Dromo offers many field data types to parse and transform data, display it to the user, validate it, and output the data in a useful format.

The field type is set by passing a type parameter in the field object. This can be a string referring to one of the field types, explained below. Alternatively, some field types can take additional options controlling their behavior and format. In this case, you can provide the type parameter with a 2-element array, where the first element is the type name and the second element is any options that field type takes.

Here is an example of a few different valid field type configurations:

fields: [
{
label: "Email address",
key: "email",
type: "email"
},
{
label: "Subscription fee",
key: "subscriptionFee",
type: ["number", "eur"]
}
{
label: "Subscribed since",
key: "subscriptionStart",
type: ["date", { locale: "de-DE" }]
}
]

String

type: "string"

By default (if no field type is specified), all fields in Dromo have the string type. This is the simplest field type, and does not do any validation or transformation of the data – the data is output as a string exactly as it was entered.

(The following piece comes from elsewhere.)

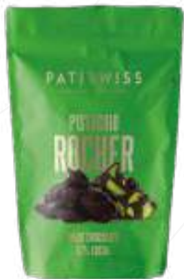
Dark Chocolate Pistachio Rocher 80g

The string type does not take any options.

Number

type: "number"

type: ["number", <preset name string>]

type: [
"number",
{
preset: <preset name string>,
round: <integer>,
displayFormat: <format object>,
outputFormat: <format object>
min: <number>,
max: <number>
}
]

For all kinds of numeric values

The field type parses many common number formats and displays the number in a user-friendly format.

If the input data is unable to be parsed as a number, a validation error is added to the cell.

Unless an output format is specified, the number is output to the result JSON as a number.

Presets

The number type has several presets available to handle the most common number formats. You can use a preset by passing the name of the preset with the field type, such as type: ["number", "usd"].

Here are all of the presets that Dromo provides:

Preset NameSource valueDisplay value
default
(used if no display settings are given)
1234567.12345671,234,567.1234567
percent0.1234
0.56
12.34%
56%
plain1234567.1231234567.123
usd1234.567
-3456.78
$ 1,234.57
- $3,456.78
usd_accounting1234.567
-3456.78
$ 1,234.57
$ (3,456.78)
eur1234.567
-3456.78
1,234.57 €
-3,456.78 €
gbp1234.567
-3456.78
£ 1,234.57
- £3,456.78
decimal_0 or
integer
234.567235
decimal_1234.567
123
234.6
123.0
decimal_2234.567
123
234.57
123.00
decimal_3234.5678
123
234.568
123.000
decimal_4234.56789
123
234.5679
123.0000
percent_00.125613%
percent_10.1256
0.34
12.6%
34.0%
percent_20.12567
0.34
12.57%
34.00%
percent_30.123456
0.34
12.346%
34.000%
percent_40.12345678
0.34
12.3457%
34.0000%

Custom configuration

If none of the presets meet your needs, you can define your own rounding, display format and output format behavior.

The round setting takes an integer which defines how many digits after the decimal point the value will be rounded to. Negative values will round to digits before the decimal.

The displayFormat and outputFormat settings can be used for creating your own custom formats. The displayFormat is used for displaying the number to the user on the review screen. The outputFormat, if set, will determine how the number is output in the result JSON, as a string.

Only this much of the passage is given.